Дашенька всплеснула руками:
— Ну сказывай, сказывай, скорей, где, когда?
Девушки сели возле предзеркального столика. Устинья, пощелкивая орехи, стала не спеша рассказывать, как она недавно гостила у тетки в Илецком городке и как в это самое время городок передался без боя толпе мятежников.
— Вот тут-то, в толпе-то этой, я и усмотрела сержантика-то твоего…
— Ой, да очнись, Устинья! Что ты, в какой толпе?
— Да в той самой, вот в какой… Худой да длинный, а волосы-то по-казачьи острижены, косу-то ему обкорнали, и одет-то он по-казачьи, не вдруг признаешь…
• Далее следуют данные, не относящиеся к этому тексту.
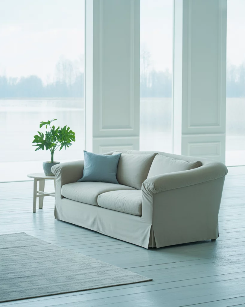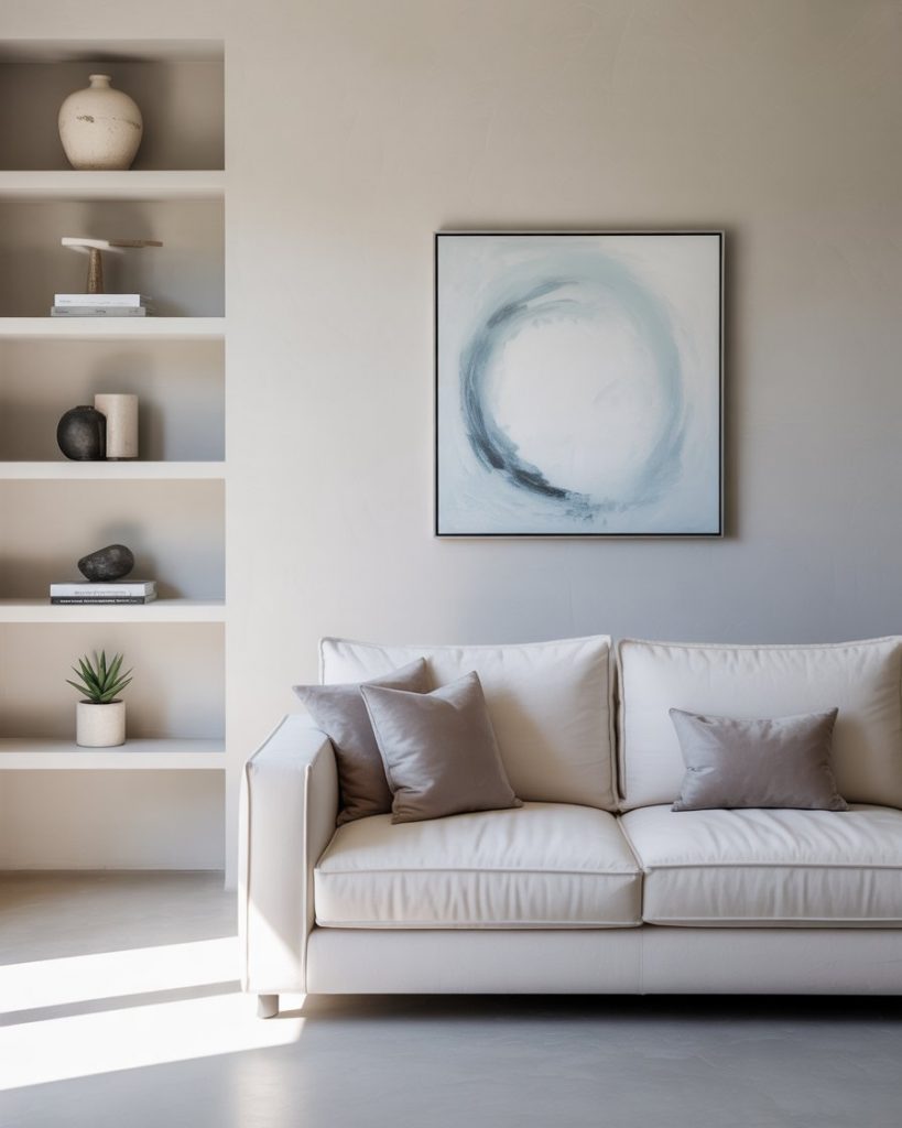 For those who crave calm and order, a minimalist approach with soft light blue and white is a perfect match. Keep furniture low and neutral, using pale woods and linen materials. Touches of grey or natural stone balance the composition. This room becomes a serene retreat, ideal for decompressing after busy days. Inspired by Japanese and Nordic fusion interiors often seen on Kinfolk.

— Господи, да как же он попал-то? — заметалась, всполошилась Даша. — Да говорила ли ты с ним?
— А и не подумала говорить. Он рыло отворотил от меня — да ходу!
Должно, чует, что совесть не чиста.
Дашенька вынула из-за пояса носовой платок, собираясь заплакать.
Устинья, спохватившись, затараторила:
— Да ты, подружка, не тужи… Он и сам, поди, не рад… Я все узнала.
Он в полон попал. Казаки ладили повесить его, да сам батюшка помиловал.
Вот он и остался служить ему, батюшке-т, в петлю-то не больно сладко лезть, до кого хошь доведись… Да мы твоего дружка выручим, подруженька, не горюй, ягодка моя… Вызволим!
Даша заплакала. Устинья опустилась возле нее на колени, обвила её за шею сильными руками.
— Ой, Митенька, Митенька, — заливалась слезами Даша. — Ну кто, кто его станет выручать?
— Да мы с тобой, вот кто… Я батюшке песни пела да плясала, — батюшка мне пять рубликов пожаловал. Вот и поедем к нему. Уж я батюшку-т упрошу, укланяю.
— Какой это батюшка, что за батюшка такой? — насторожилась Даша, перестала плакать и осторожно сняла со своих похолодевших плеч теплые руки Устиньи.